## Queries to find broken domains
Top domains with failed ingests:
SELECT domain, status, COUNT((domain, status))
FROM (SELECT status, substring(terminal_url FROM '[^/]+://([^/]*)') AS domain FROM ingest_file_result) t1
WHERE t1.domain != ''
AND t1.status != 'success'
AND t1.status != 'no-capture'
GROUP BY domain, status
ORDER BY COUNT DESC
LIMIT 30;
Status overview for a particular domain:
SELECT domain, status, COUNT((domain, status))

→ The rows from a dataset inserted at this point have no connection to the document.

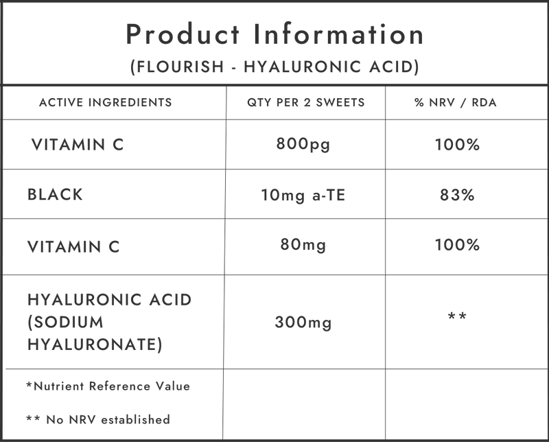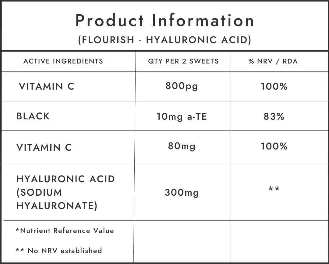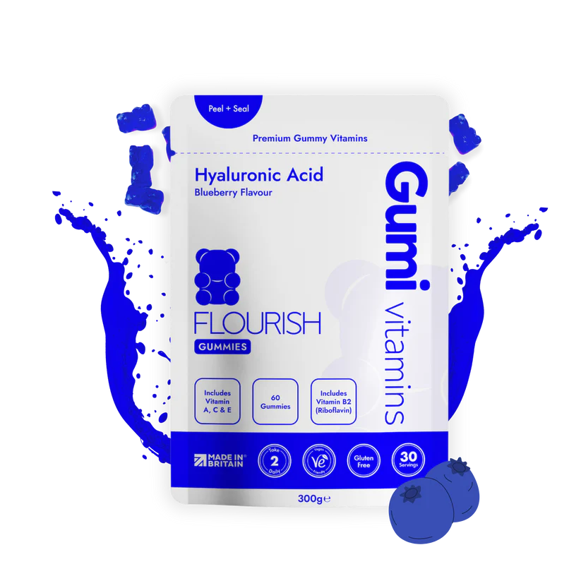 Introducing Flourish Hyaluronic Acid Gummies - the delicious blueberry-flavoured solution packed with a powerhouse of skin-loving vitamins!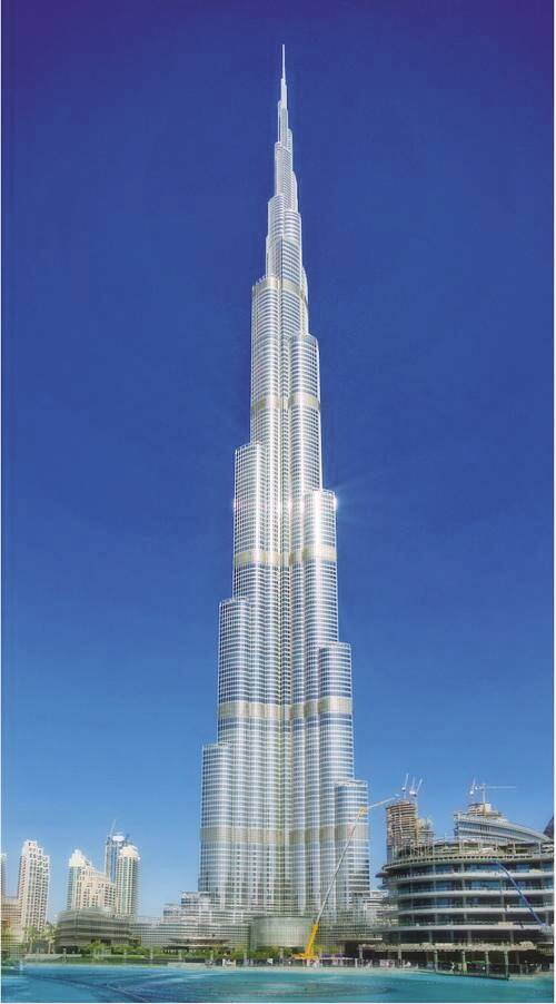 迪拜哈利法塔,总高度828米。其建筑结构设计采用了创新性的多种结构复合构建的全新结构体系,其下部为混凝土结构,上部采用钢结构。从-30~601米为钢筋混凝土结构,从601~768米为钢结构,768~828米为钢桅杆。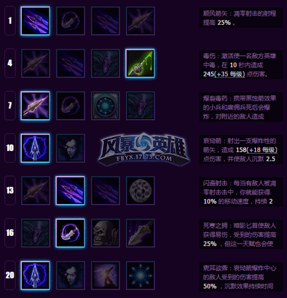 这是目前比较主流的一套加点,四级加毒是为了加强收割能力,毕竟前期伤害不高的情况下,有一个伤害稍微高点的技能挺重要的,七级为了加强推线能力,二十级的时候,如果队友输出比较不足的情况可以考虑加三,加强一下输出。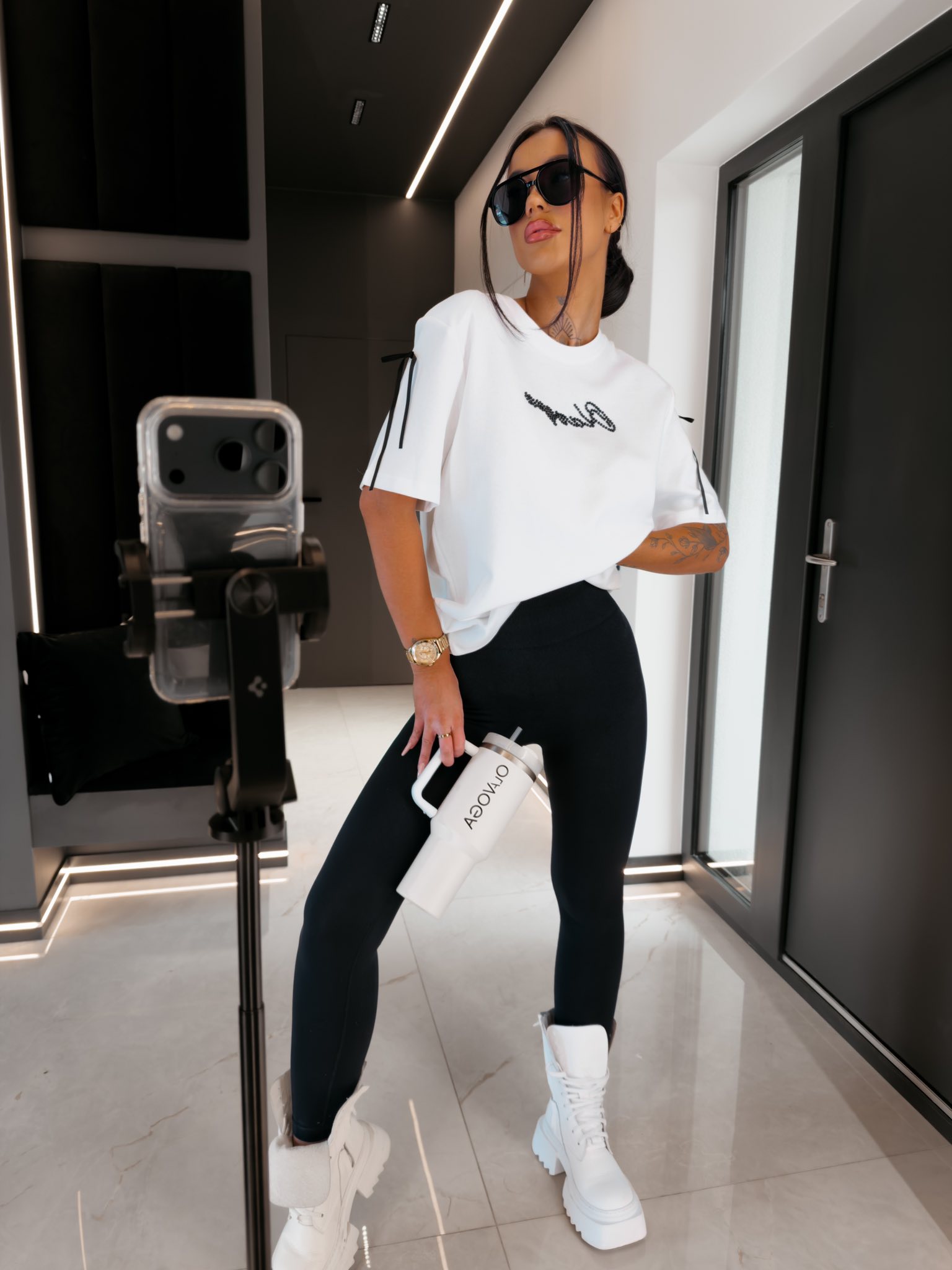 Fason oversize - przedłużona forma - wysokogatunkowa tkanina - okrągły dekolt wykończony ściągaczem - krótki luźny rękaw z kontrastowymi wiązaniami - poduszki wszyte na ramionach - na przodzie aplikacja z perełek w kontrastowym kolorze układająca się w logo OLAVOGA - gładka struktura materiału - proste wykończenie dołu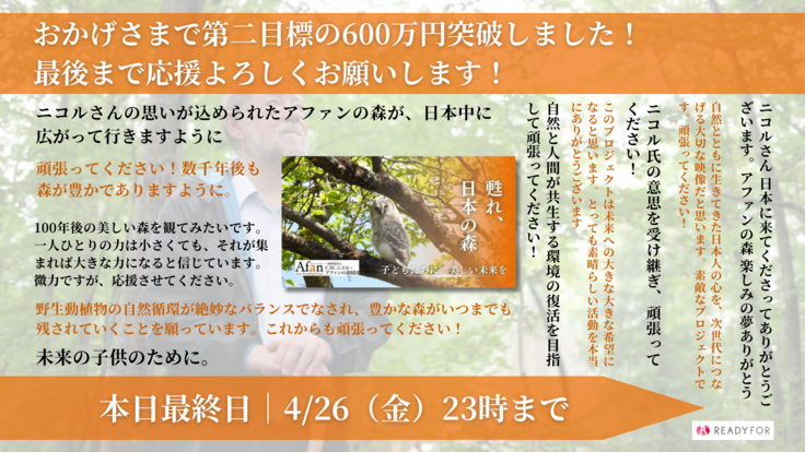 皆さんのおチカラにより第二目標600万円突破が叶いました!本当にありがとうございます!!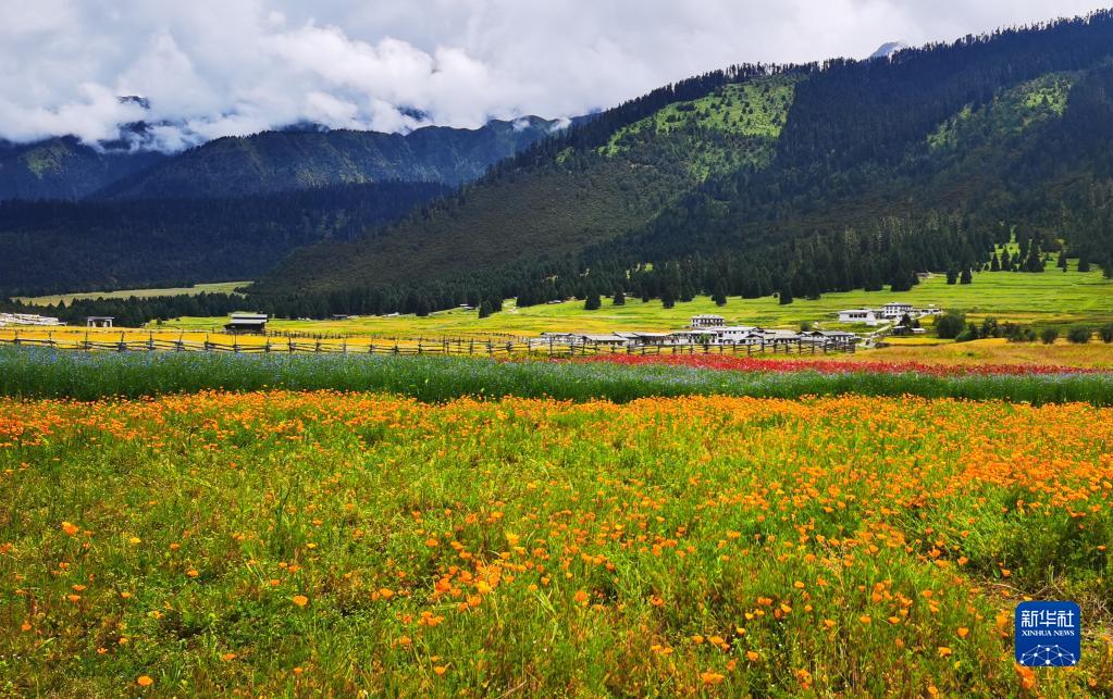 這是魯朗花海牧場景區(手機照片,8月6日攝)。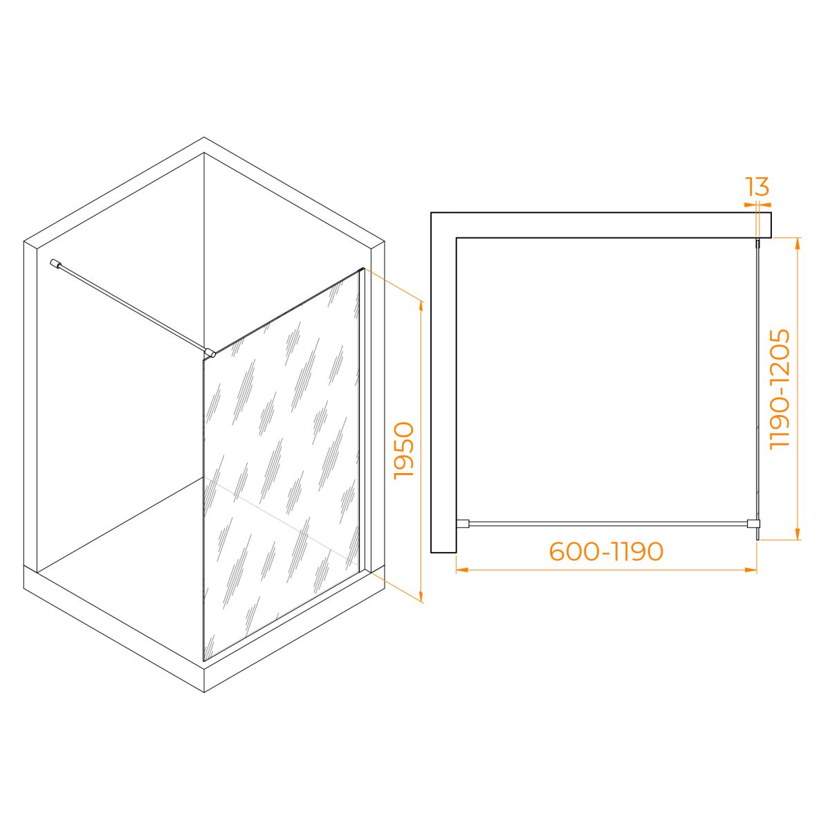 Высота перегородки для душа RGW WA-010 составляет 195 см, что обеспечивает комфортное использование для большинства людей и позволяет избежать протекания воды через край перегородки.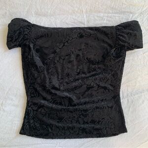 NWT Reformation Cello Knit Off Shoulder Floral Blouse Top Black Rose Velvet

FROM (SELECT status, substring(terminal_url FROM '[^/]+://([^/]*)') AS domain FROM ingest_file_result) t1
WHERE t1.domain = 'osapublishing.org'
GROUP BY domain, status
ORDER BY COUNT DESC;
SELECT domain, terminal_status_code, COUNT((domain, terminal_status_code))
FROM (SELECT terminal_status_code, substring(terminal_url FROM '[^/]+://([^/]*)') AS domain FROM ingest_file_result) t1
WHERE t1.domain = 'osapublishing.org'
AND t1.terminal_status_code is not null
GROUP BY domain, terminal_status_code
ORDER BY COUNT DESC;
Sample recent failures:
SELECT * FROM ingest_file_result
WHERE terminal_url LIKE '%osapublishing.org%'
AND status = 'terminal-bad-status'
ORDER BY updated DESC
LIMIT 10;
## Failing
www.osapublishing.org
this publisher (The Optical Society) is systemically using a CAPTCHA to
gate access to PDFs. bummer! could ask them to white-list?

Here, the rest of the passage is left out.